Data excerpts:
◇ ◇ ◇ ◇ ◇ ◇ ◇
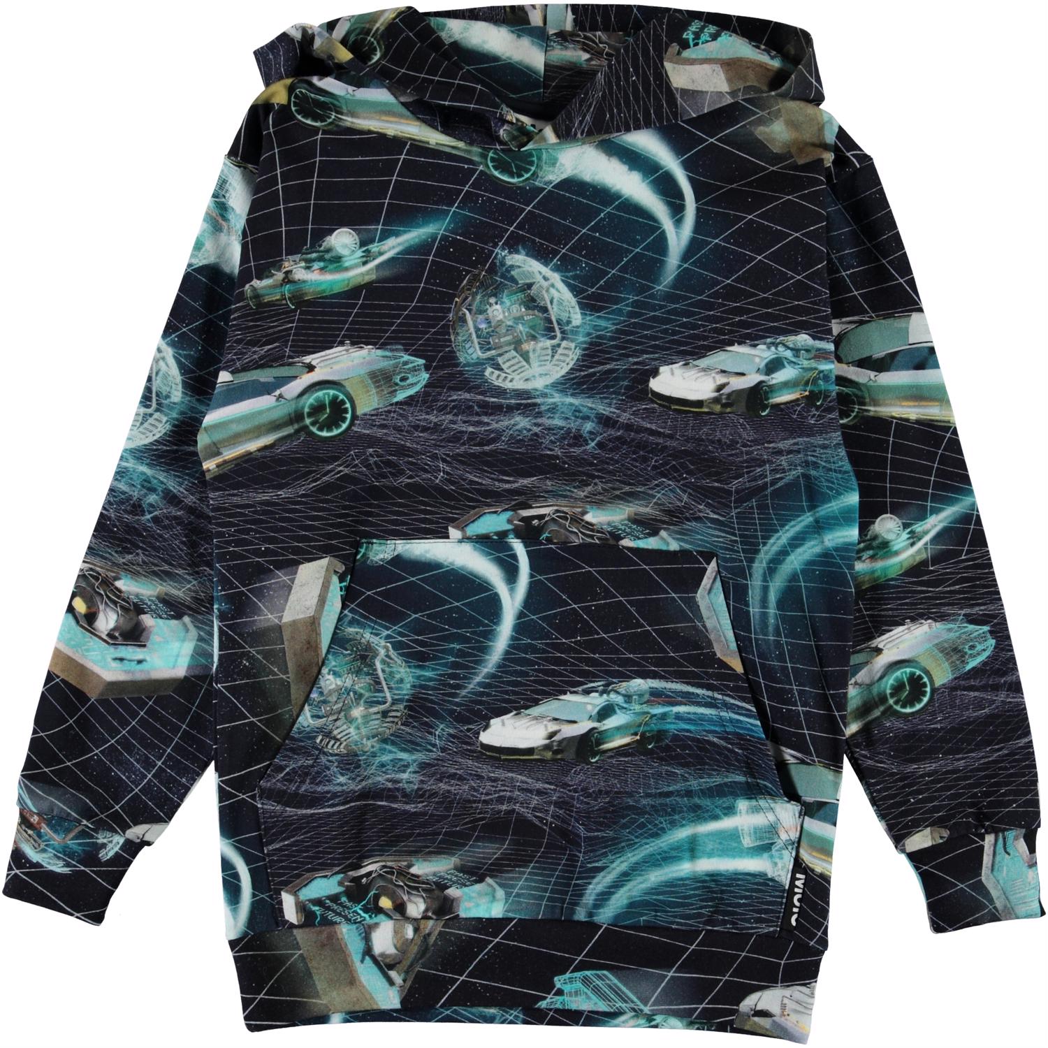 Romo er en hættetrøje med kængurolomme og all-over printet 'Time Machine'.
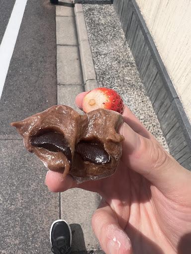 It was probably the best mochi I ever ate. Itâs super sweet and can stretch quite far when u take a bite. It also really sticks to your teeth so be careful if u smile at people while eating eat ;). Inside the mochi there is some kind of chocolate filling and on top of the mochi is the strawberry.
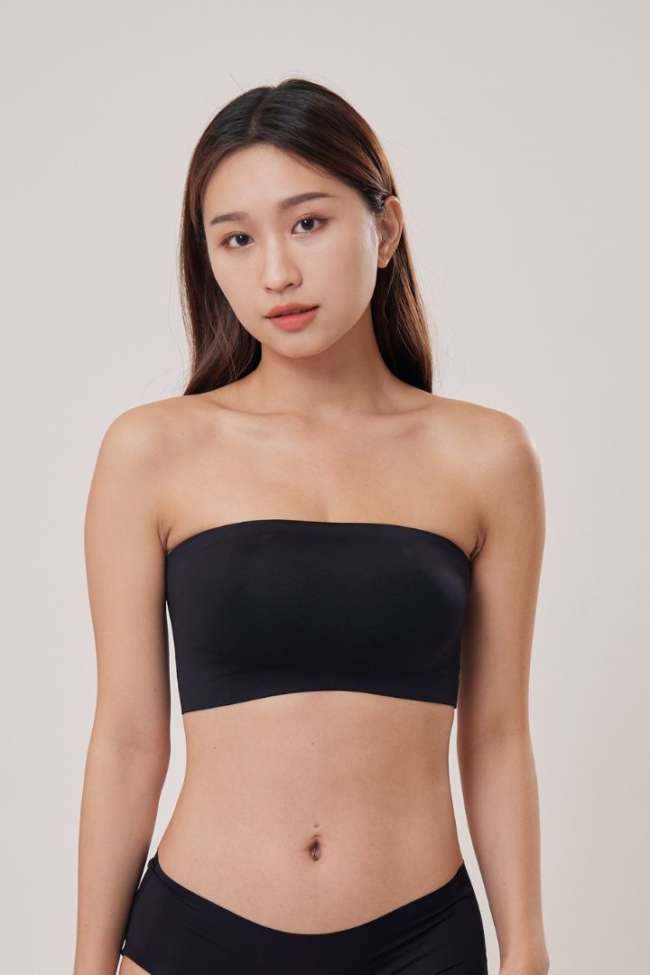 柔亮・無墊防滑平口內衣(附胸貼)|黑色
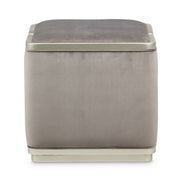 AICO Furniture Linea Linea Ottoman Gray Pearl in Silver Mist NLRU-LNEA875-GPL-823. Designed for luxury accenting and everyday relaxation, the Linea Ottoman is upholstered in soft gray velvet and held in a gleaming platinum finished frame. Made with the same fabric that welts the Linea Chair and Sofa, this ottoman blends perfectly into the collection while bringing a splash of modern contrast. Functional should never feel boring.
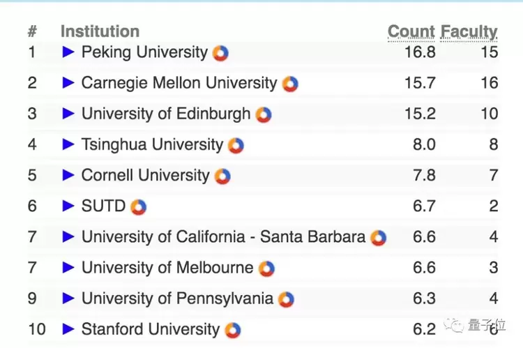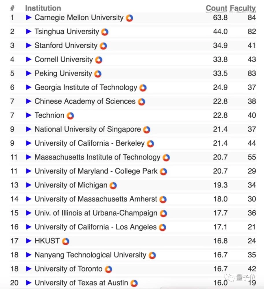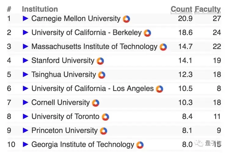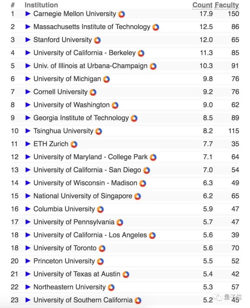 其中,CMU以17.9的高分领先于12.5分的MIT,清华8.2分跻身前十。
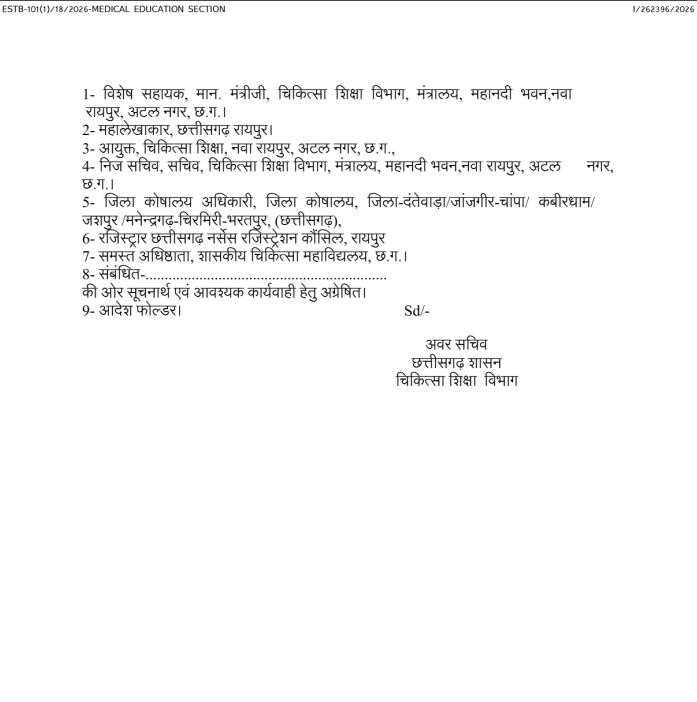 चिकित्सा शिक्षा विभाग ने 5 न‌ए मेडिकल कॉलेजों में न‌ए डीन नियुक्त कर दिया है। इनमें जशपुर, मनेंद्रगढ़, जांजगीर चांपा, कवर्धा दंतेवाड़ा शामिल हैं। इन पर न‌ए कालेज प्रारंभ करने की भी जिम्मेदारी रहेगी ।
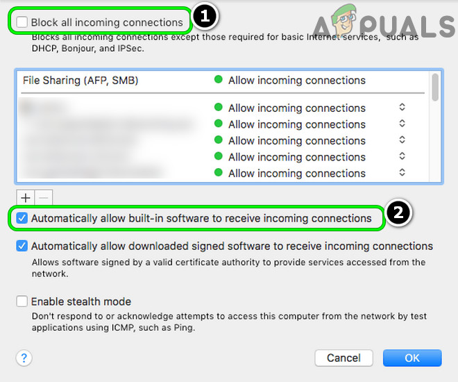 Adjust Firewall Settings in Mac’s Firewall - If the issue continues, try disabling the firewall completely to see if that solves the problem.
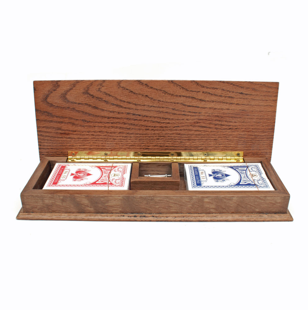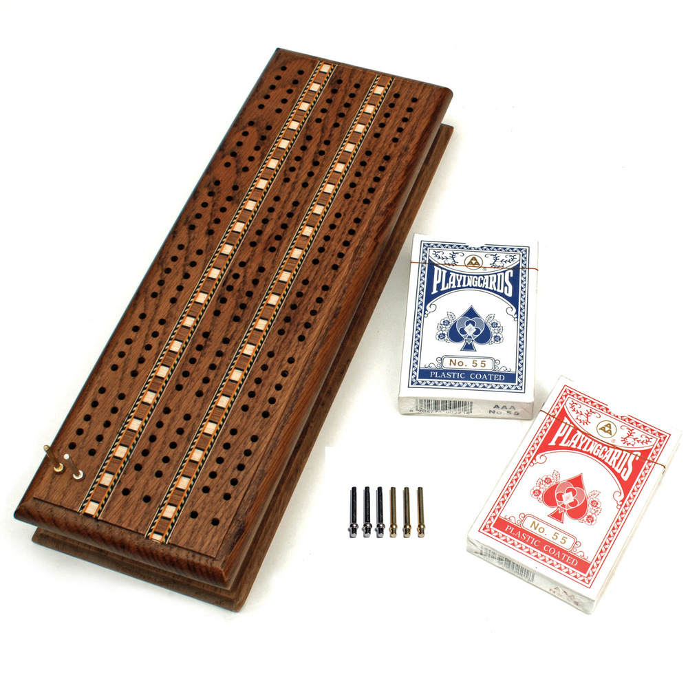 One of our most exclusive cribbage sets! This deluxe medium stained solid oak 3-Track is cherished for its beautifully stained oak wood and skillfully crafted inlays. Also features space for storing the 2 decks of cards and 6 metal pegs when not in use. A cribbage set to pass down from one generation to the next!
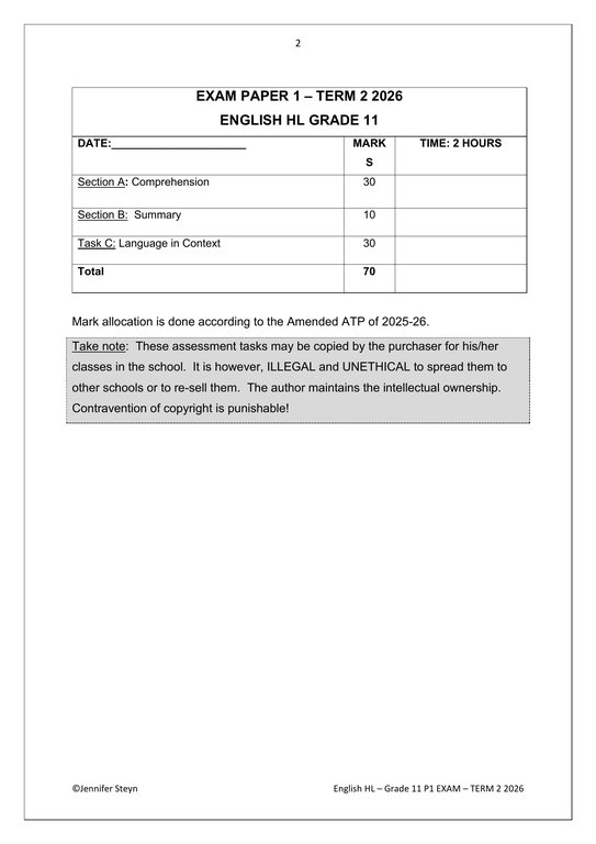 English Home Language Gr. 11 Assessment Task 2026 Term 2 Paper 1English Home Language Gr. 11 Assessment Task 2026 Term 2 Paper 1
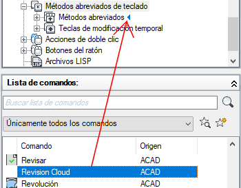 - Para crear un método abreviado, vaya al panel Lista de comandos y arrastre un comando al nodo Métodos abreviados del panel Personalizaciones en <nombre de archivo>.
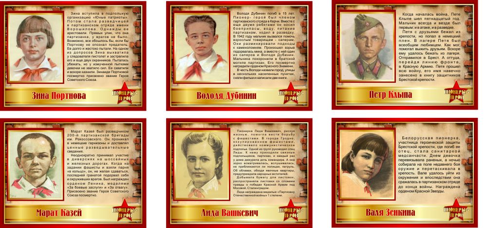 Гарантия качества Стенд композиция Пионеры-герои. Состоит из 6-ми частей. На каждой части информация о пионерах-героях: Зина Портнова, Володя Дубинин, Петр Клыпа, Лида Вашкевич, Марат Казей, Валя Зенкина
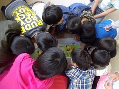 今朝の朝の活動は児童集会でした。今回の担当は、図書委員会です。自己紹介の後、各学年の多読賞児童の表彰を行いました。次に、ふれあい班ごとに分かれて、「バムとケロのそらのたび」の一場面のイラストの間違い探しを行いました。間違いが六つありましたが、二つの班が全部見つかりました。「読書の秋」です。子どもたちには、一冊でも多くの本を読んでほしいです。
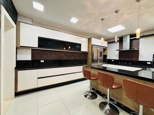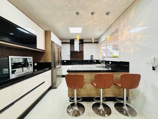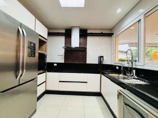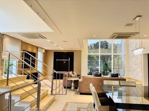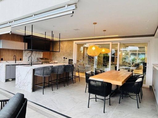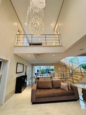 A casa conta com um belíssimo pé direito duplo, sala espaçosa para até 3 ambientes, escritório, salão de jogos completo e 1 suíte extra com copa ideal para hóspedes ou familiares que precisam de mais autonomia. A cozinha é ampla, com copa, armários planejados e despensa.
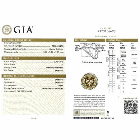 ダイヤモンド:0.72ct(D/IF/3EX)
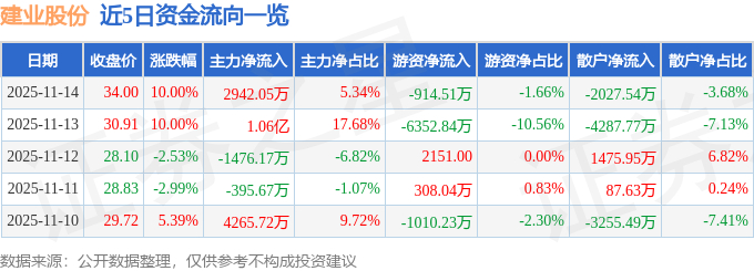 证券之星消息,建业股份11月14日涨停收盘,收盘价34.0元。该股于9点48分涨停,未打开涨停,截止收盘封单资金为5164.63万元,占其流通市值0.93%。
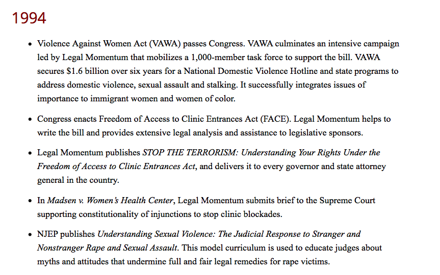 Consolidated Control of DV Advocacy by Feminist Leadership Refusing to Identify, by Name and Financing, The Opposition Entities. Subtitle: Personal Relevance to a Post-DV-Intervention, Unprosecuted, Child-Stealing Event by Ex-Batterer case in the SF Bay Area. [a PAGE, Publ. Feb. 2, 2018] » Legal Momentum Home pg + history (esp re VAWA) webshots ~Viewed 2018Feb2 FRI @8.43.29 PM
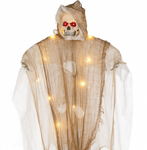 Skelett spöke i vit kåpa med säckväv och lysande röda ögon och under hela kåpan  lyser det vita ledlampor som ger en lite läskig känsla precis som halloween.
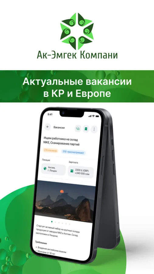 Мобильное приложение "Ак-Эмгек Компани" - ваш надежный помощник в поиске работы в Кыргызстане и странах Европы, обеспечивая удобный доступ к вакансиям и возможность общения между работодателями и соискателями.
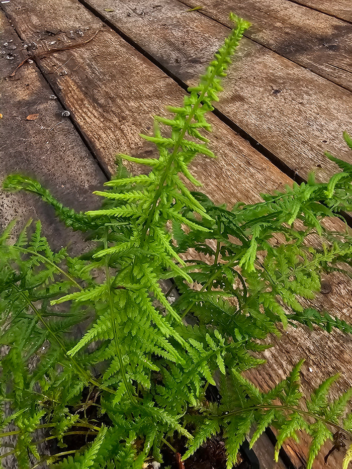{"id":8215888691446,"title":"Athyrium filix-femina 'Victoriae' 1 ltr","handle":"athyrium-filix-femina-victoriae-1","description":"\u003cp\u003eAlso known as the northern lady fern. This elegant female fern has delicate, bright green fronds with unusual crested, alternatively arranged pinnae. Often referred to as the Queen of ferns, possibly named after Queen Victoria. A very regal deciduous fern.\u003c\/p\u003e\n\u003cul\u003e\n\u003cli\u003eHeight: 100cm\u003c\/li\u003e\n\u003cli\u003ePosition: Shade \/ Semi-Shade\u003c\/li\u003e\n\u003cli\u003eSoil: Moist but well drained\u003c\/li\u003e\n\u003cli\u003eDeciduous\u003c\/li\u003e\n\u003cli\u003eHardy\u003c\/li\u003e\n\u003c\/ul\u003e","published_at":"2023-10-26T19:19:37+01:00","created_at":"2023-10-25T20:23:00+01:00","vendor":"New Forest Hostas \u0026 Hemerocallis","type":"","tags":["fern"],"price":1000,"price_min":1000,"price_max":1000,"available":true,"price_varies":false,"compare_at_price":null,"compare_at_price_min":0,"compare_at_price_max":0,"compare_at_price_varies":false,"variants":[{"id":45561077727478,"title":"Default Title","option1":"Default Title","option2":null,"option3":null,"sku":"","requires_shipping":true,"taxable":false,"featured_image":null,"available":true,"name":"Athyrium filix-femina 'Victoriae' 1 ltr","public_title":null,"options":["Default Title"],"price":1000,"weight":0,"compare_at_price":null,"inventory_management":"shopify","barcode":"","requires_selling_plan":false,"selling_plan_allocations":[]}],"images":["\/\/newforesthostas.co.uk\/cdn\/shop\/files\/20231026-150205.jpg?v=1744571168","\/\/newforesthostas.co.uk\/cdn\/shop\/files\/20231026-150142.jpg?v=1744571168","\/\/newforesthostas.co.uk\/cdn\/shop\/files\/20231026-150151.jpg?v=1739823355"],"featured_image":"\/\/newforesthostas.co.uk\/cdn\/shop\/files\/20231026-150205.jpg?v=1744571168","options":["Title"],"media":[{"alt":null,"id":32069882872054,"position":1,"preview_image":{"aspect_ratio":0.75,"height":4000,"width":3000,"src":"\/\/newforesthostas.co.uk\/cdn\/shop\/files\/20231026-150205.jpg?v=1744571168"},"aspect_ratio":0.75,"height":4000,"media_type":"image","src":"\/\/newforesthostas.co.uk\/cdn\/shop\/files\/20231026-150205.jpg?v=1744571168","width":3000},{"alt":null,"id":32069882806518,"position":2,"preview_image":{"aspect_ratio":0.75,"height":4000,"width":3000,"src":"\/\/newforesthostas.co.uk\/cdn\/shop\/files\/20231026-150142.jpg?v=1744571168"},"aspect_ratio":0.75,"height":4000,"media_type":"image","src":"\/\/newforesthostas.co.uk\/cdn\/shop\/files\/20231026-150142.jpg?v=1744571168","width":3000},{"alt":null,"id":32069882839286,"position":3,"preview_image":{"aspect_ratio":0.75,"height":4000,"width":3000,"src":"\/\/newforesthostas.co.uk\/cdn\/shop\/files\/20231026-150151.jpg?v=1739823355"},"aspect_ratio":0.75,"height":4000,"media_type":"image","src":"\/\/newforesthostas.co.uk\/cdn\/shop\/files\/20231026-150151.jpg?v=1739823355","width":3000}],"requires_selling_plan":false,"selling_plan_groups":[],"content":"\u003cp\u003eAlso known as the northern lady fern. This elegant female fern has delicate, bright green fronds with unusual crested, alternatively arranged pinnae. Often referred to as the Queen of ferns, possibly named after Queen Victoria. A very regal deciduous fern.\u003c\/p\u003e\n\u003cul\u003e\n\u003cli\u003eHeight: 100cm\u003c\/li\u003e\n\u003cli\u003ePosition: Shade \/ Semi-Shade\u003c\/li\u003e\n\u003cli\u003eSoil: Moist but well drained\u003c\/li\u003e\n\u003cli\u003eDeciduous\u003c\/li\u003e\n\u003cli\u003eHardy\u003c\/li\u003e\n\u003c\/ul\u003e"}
◇ ◇ ◇ ◇ ◇ ◇ ◇
=== EXERCISE PROMPT ===
Repeat the records above exactly, from the first line through the line that contains "今朝の朝の活動は児童集会でし", and leave out the pictures.

=== ANSWER SPACE ===
 Romo er en hættetrøje med kængurolomme og all-over printet 'Time Machine'.
 It was probably the best mochi I ever ate. Itâs super sweet and can stretch quite far when u take a bite. It also really sticks to your teeth so be careful if u smile at people while eating eat ;). Inside the mochi there is some kind of chocolate filling and on top of the mochi is the strawberry.
 柔亮・無墊防滑平口內衣(附胸貼)|黑色
 AICO Furniture Linea Linea Ottoman Gray Pearl in Silver Mist NLRU-LNEA875-GPL-823. Designed for luxury accenting and everyday relaxation, the Linea Ottoman is upholstered in soft gray velvet and held in a gleaming platinum finished frame. Made with the same fabric that welts the Linea Chair and Sofa, this ottoman blends perfectly into the collection while bringing a splash of modern contrast. Functional should never feel boring.
 其中,CMU以17.9的高分领先于12.5分的MIT,清华8.2分跻身前十。
 चिकित्सा शिक्षा विभाग ने 5 न‌ए मेडिकल कॉलेजों में न‌ए डीन नियुक्त कर दिया है। इनमें जशपुर, मनेंद्रगढ़, जांजगीर चांपा, कवर्धा दंतेवाड़ा शामिल हैं। इन पर न‌ए कालेज प्रारंभ करने की भी जिम्मेदारी रहेगी ।
 Adjust Firewall Settings in Mac’s Firewall - If the issue continues, try disabling the firewall completely to see if that solves the problem.
 One of our most exclusive cribbage sets! This deluxe medium stained solid oak 3-Track is cherished for its beautifully stained oak wood and skillfully crafted inlays. Also features space for storing the 2 decks of cards and 6 metal pegs when not in use. A cribbage set to pass down from one generation to the next!
 English Home Language Gr. 11 Assessment Task 2026 Term 2 Paper 1English Home Language Gr. 11 Assessment Task 2026 Term 2 Paper 1
 - Para crear un método abreviado, vaya al panel Lista de comandos y arrastre un comando al nodo Métodos abreviados del panel Personalizaciones en <nombre de archivo>.
 Гарантия качества Стенд композиция Пионеры-герои. Состоит из 6-ми частей. На каждой части информация о пионерах-героях: Зина Портнова, Володя Дубинин, Петр Клыпа, Лида Вашкевич, Марат Казей, Валя Зенкина
 今朝の朝の活動は児童集会でした。今回の担当は、図書委員会です。自己紹介の後、各学年の多読賞児童の表彰を行いました。次に、ふれあい班ごとに分かれて、「バムとケロのそらのたび」の一場面のイラストの間違い探しを行いました。間違いが六つありましたが、二つの班が全部見つかりました。「読書の秋」です。子どもたちには、一冊でも多くの本を読んでほしいです。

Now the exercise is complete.